The Food and Drug Administration (FDA) has granted Fast Track designation to losmapimod for the treatment of facioscapulohumeral muscular dystrophy (FSHD).

FSHD is a rare, progressive disease characterized by skeletal muscle loss. The disease is caused by the abnormal expression of the DUX4 gene in skeletal muscle, resulting in the presence of DUX4 proteins that are toxic to muscle tissue. Losmapimod is a selective p38α/β mitogen activated protein kinase (MAPK) inhibitor that works by reducing the expression of the DUX4 gene in muscle cells. 

The Company is evaluating the efficacy and safety of losmapimod in patients with FSHD in the randomized, double-blind, placebo-controlled phase 2b ReDUX4 trial (ClinicalTrials.gov: NCT04003974). Findings from a pre-specified sensitivity analysis showed that treatment with losmapimod led to a 38-fold reduction in DUX4-driven gene expression in patients with the highest pre-treatment DUX4-driven gene expression in their muscle biopsy sample, compared with a 5.4-fold reduction for placebo. Full trial data is expected to be presented at the virtual FSHD International Research Congress on June 24-25, 2021. 

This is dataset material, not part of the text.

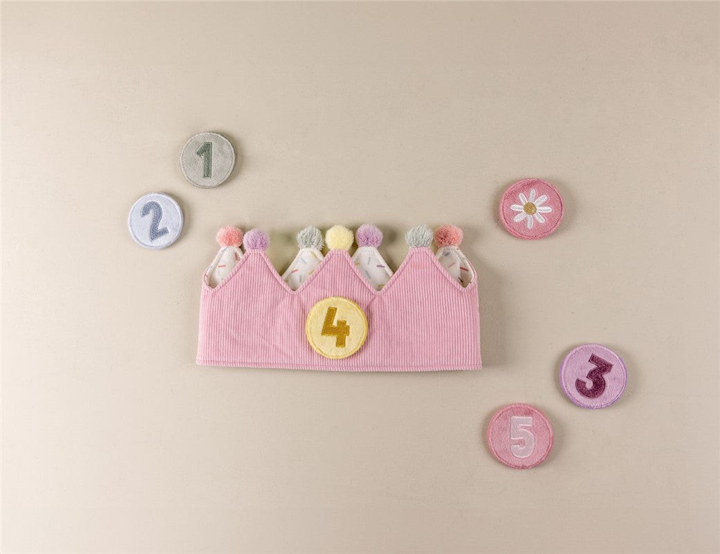 ¡Feliz cumpleaños! Celebra con estilo con esta adorable corona de cumpleaños y espolvoree un poco de magia de cuento de hadas en su día especial. Viene con números intercambiables del 1 al 5, lo que lo hace perfecto para los hitos de crecimiento de su pequeño. ¡Adjunta el número de cumpleaños a la corona y captura esos preciosos momentos! U opta por el parche de flores cuando tu pequeño quiera ser el rey o la reina del país de las maravillas. La corona está confeccionada en suave tejido acolchado y acanalado en color rosa claro rematada con pompones de colores. El cierre de velcro permite que la corona se adapte y crezca con su hijo. Observe a su pequeño usar la corona con orgullo, mostrando su edad con cada sonrisa y risita. ¡Feliz celebración!

“There are no approved therapies to treat patients with FSHD, and losmapimod is currently the only drug in clinical development for this serious and debilitating disease,” said Judith Dunn, PhD, Fulcrum’s president of research and development. “We are pleased that the FDA has granted Fast Track designation, which we believe demonstrates the potential for losmapimod to address unmet medical needs for people living with FSHD.”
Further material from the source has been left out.